# Boot conundrum!



## nofxn (Jan 19, 2012)

So I bought Burton Raptors size 9.5 my old boots of the same make were a 9 and super tight to the point it hurt to wear them.

I am definitely a lot more comfortable in the 9.5 and I ride better in them as well. Only thing is I can feel my heel lifting a bit but getting stopped by the liner. Could this be because I haven't tightened my boots properly? It was weird because it would happen sometimes but not all the time when I was on toeside. Going to test it out more in a few weeks...

Got the boots from dogfunk so I can always return them.


----------



## poutanen (Dec 22, 2011)

Do the raptors include J-bars? (yellow pieces of foam in a boomerang shape with velcro on the back)

Because if so you can install them on your liners to help eliminate heel lift.


----------



## wrathfuldeity (Oct 5, 2007)

also get some better footbeds


----------



## nofxn (Jan 19, 2012)

Didn't come with any jbars and what are footbeds?


----------



## smerdyakov (May 30, 2012)

You will need to call up Burton for some J-Bars (not sure if Burton shops have them). They used to ship J-Bars with their boots, but so few people used them they stopped. It would be nice if shops had them as well. Some might. 
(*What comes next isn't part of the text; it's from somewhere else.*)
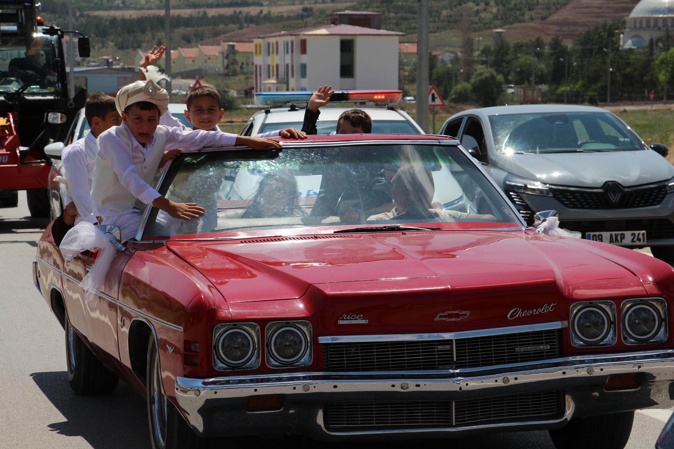 Çankırı’da sosyal yardım alan ailelerin çocukları için geleneksel hale dönüştürülen toplu sünnet töreninin bu yıl 529’uncusu gerçekleştirildi. Ahmet Yesevi Cami yanında süslenen klasik otomobillerin yanı sıra Vali M. Fırat Taşolar, Vakıflar Genel Müdürü Sinan Aksu ile kamu kurum ve kuruluşlarındaki yöneticilerin makam araçları, çocuklara tahsis edildi. Onlarca çocuk, aileleriyle birlikte süslenen araçlarla şehir turu attı.
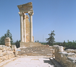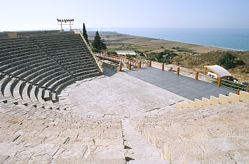 途中、広大な競技場などを見学しながら、アポロンの聖域(The Sanctuary of Apollo Hylates)に向かおう。この遺跡のアポロン神には、Hylates(ギリシア語でylatis−森)という修飾語がつくことからも分かるように、海を感じるクリオンと対照的に、こちらは高原の緑の中にある。 城壁に囲まれた聖域内の遺跡は規模こそ小さいが、修復された神殿の柱の存在感は圧倒的で、聖所の威厳が感じられる。 クリオン遺跡は、キプロス第二の都市レメソス(リマソル)の東約10kmにある。この一帯は英国領アクロティリ・デケリアに含まれるので、あちこちに建つ英国空軍の巨大なアンテナを除けば、開発が一切行われておらず、素晴らしい自然環境が保たれている。 なお国境管理等はなく、基地関係を除いた一切の活動は行われていないので、キプロス国内のつもりで訪問することができる。 --> http://www.limassolmunicipal.com.cy/kourion/(地元レメソス市サイト中のページ)

Footbeds are insoles. Most boots come with terrible footbeds. If you have a high arch or other such condition, it could cause pain because your feet are not supported. You can get aftermarket footbed you can stick in the oven and mold to your feet or you buy some that are custom fitted in the shop, which worked for me. There are many threads on footbeds.


----------